Ebook Info
- Published: 1991
- Number of pages: 204 pages
- Format: PDF
- File Size: 6.84 MB
- Authors: Ian Charles Harris
Description
In the past European scholars have tended to treat both Madhyamaka and Yogācāra as separate and fundamentally opposed trends in Mahāyāna Buddhist thought.Drawing heavily on early textual evidence this work questions the validity of such a “Mahāyāna schools” hypothesis.By down-playing the late commentorial traditions, the author attempts a general reappraisal of the epistemological and ontological writings of Nagarjuna, Asanga and Vasubandhu. He concludes that the overlap in all areas of doctrine is significant, but particularly with respect to the teachings on the levels of truth, the enlightened and unenlightened states, the status of language and the nature of reality.It is hoped that such investigations may provide the basis for a new theory on the proliferation of Indian Mahāyāna Buddhism as an organic process of assimilation to new audiences, and specific contemporary problems, rather than in the more schismatic manner favoured by past researchers.
User’s Reviews
Reviews from Amazon users which were colected at the time this book was published on the website:
⭐This book does a great service to those of us who have been struggling with the elusive Nagarjuna. It reveals the depth of his roots in early Buddhist tradition (building on and correcting the work of A.K. Warder and David Kalupahana) and allows his works to be read as a vibrant repristination of basic Buddhist insight. Particularly interesting is the account of the early Buddhist antecedents of Nagarjuna’s formulation of the two truths theory (conventional and ultimate truth). Harris also shows how close were the Yogacara (mind-only) and Madhyamaka (emptiness) traditions and how inapposite is the later labeling of them as rival “schools.” He blames many of the distortions in our view of Nagarjuna on his most famous commentator Candrakirti, whom he accuses of radicalizing the contrast of the two truths at the expense of conventional truth (pp. 116-17). Candrakirti accuses Yogacara of absolutizing a conventional doctrine (which he has no quarrel with as such), but Harris claims that the Yogacarins “actually agree with him that all dogmas must be, by definition, non-ultimate” (p. 164).

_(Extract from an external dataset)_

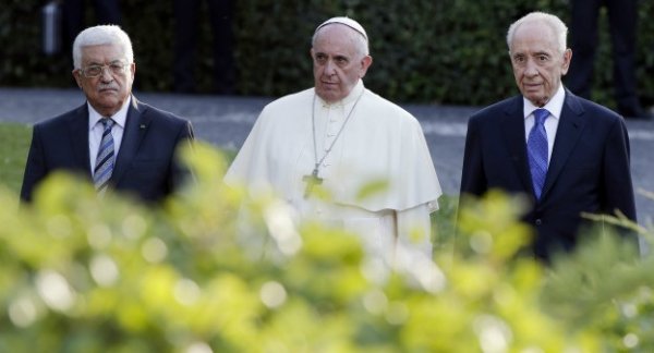 پاپ فرانسیس به همراه محمود عباس، رهبر تشکیلات خودگردان فلسطین و شیمون پرز، رئیس جمهور اسرائیل در ملاقاتی کمسابقه در باغی در واتیکان برای صلح در خاورمیانه دعا خواندند.

Candrakirti’s sparring-partner Bhavaviveka attacks Yogacara from the opposite angle, accusing it of devaluing conventional reality; this again misses the substantial overlap of the Madhyamaka and Yogacara traditions. Harris is a master of the sources, which he quotes and translates illuminatingly throughout. He evokes the realm of nirvana and emptiness, the quiescence of fabrications, in lucid pages that have “the savor of liberation.” He asserts that emptiness is a state of mind, not an ontological reality, and perhaps goes too far in this direction. He talks of ultimate reality as “an ontologically indeterminate existence realm” (p. 131), which is rather opaque and unhelpful diction. What he means is that it lies beyond the grasp of dualistic categories of being and non-being. (Alas, there are an appalling number of misprints, despite the high price of the book.)